What to produce
Quote exactly, and only, the lines from the one containing "为深入学习贯彻党的十九届五中" through the end of the material below. Skip pictures.
··· Given data ···
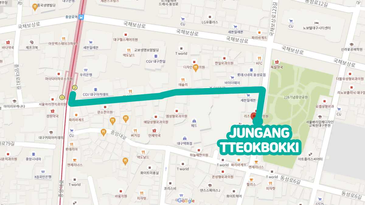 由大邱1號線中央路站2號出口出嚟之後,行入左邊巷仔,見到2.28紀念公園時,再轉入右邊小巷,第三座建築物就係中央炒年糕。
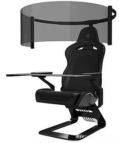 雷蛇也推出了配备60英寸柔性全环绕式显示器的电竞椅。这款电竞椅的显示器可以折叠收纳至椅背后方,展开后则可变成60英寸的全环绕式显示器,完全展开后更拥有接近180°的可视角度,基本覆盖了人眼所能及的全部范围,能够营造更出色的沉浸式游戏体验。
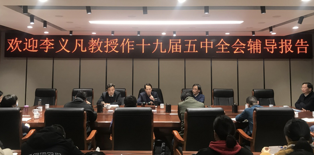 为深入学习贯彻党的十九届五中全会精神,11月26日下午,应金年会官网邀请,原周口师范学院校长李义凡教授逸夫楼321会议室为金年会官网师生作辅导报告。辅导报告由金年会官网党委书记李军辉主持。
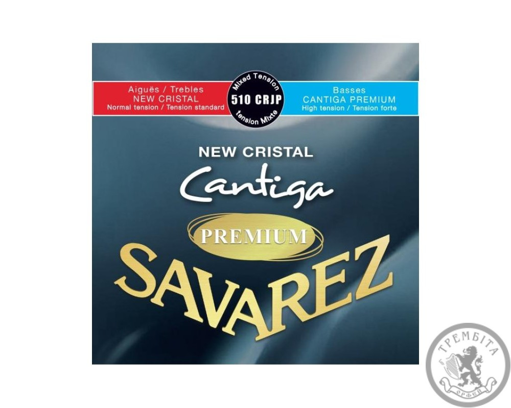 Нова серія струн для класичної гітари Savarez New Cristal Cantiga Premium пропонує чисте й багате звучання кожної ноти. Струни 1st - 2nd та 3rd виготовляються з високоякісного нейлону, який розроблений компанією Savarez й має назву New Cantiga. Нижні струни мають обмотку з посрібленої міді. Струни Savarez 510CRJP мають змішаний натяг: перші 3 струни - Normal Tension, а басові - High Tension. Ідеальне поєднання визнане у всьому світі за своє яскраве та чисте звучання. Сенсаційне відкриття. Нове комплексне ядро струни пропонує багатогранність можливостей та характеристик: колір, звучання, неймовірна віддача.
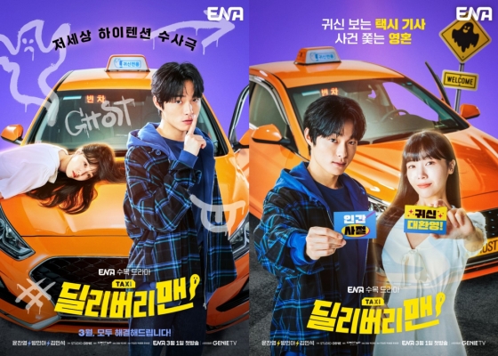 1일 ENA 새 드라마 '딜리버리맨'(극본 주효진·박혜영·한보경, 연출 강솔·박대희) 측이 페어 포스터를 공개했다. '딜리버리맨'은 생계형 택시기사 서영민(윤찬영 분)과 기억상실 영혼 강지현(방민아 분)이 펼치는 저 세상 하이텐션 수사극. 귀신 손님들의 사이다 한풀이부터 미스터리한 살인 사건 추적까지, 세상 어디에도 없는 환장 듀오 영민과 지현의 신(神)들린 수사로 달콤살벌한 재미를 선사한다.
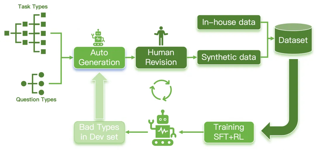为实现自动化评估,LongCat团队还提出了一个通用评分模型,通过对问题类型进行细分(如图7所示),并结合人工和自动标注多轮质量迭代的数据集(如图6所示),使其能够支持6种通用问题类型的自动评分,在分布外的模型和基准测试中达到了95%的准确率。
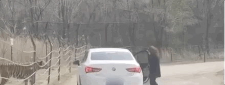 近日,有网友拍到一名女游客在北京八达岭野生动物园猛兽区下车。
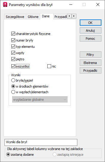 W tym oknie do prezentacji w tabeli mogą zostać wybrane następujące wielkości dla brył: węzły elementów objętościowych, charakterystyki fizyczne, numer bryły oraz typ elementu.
···
Answer for this exercise
 为深入学习贯彻党的十九届五中全会精神,11月26日下午,应金年会官网邀请,原周口师范学院校长李义凡教授逸夫楼321会议室为金年会官网师生作辅导报告。辅导报告由金年会官网党委书记李军辉主持。
 Нова серія струн для класичної гітари Savarez New Cristal Cantiga Premium пропонує чисте й багате звучання кожної ноти. Струни 1st - 2nd та 3rd виготовляються з високоякісного нейлону, який розроблений компанією Savarez й має назву New Cantiga. Нижні струни мають обмотку з посрібленої міді. Струни Savarez 510CRJP мають змішаний натяг: перші 3 струни - Normal Tension, а басові - High Tension. Ідеальне поєднання визнане у всьому світі за своє яскраве та чисте звучання. Сенсаційне відкриття. Нове комплексне ядро струни пропонує багатогранність можливостей та характеристик: колір, звучання, неймовірна віддача.
 1일 ENA 새 드라마 '딜리버리맨'(극본 주효진·박혜영·한보경, 연출 강솔·박대희) 측이 페어 포스터를 공개했다. '딜리버리맨'은 생계형 택시기사 서영민(윤찬영 분)과 기억상실 영혼 강지현(방민아 분)이 펼치는 저 세상 하이텐션 수사극. 귀신 손님들의 사이다 한풀이부터 미스터리한 살인 사건 추적까지, 세상 어디에도 없는 환장 듀오 영민과 지현의 신(神)들린 수사로 달콤살벌한 재미를 선사한다.
为实现自动化评估,LongCat团队还提出了一个通用评分模型,通过对问题类型进行细分(如图7所示),并结合人工和自动标注多轮质量迭代的数据集(如图6所示),使其能够支持6种通用问题类型的自动评分,在分布外的模型和基准测试中达到了95%的准确率。
 近日,有网友拍到一名女游客在北京八达岭野生动物园猛兽区下车。
 W tym oknie do prezentacji w tabeli mogą zostać wybrane następujące wielkości dla brył: węzły elementów objętościowych, charakterystyki fizyczne, numer bryły oraz typ elementu.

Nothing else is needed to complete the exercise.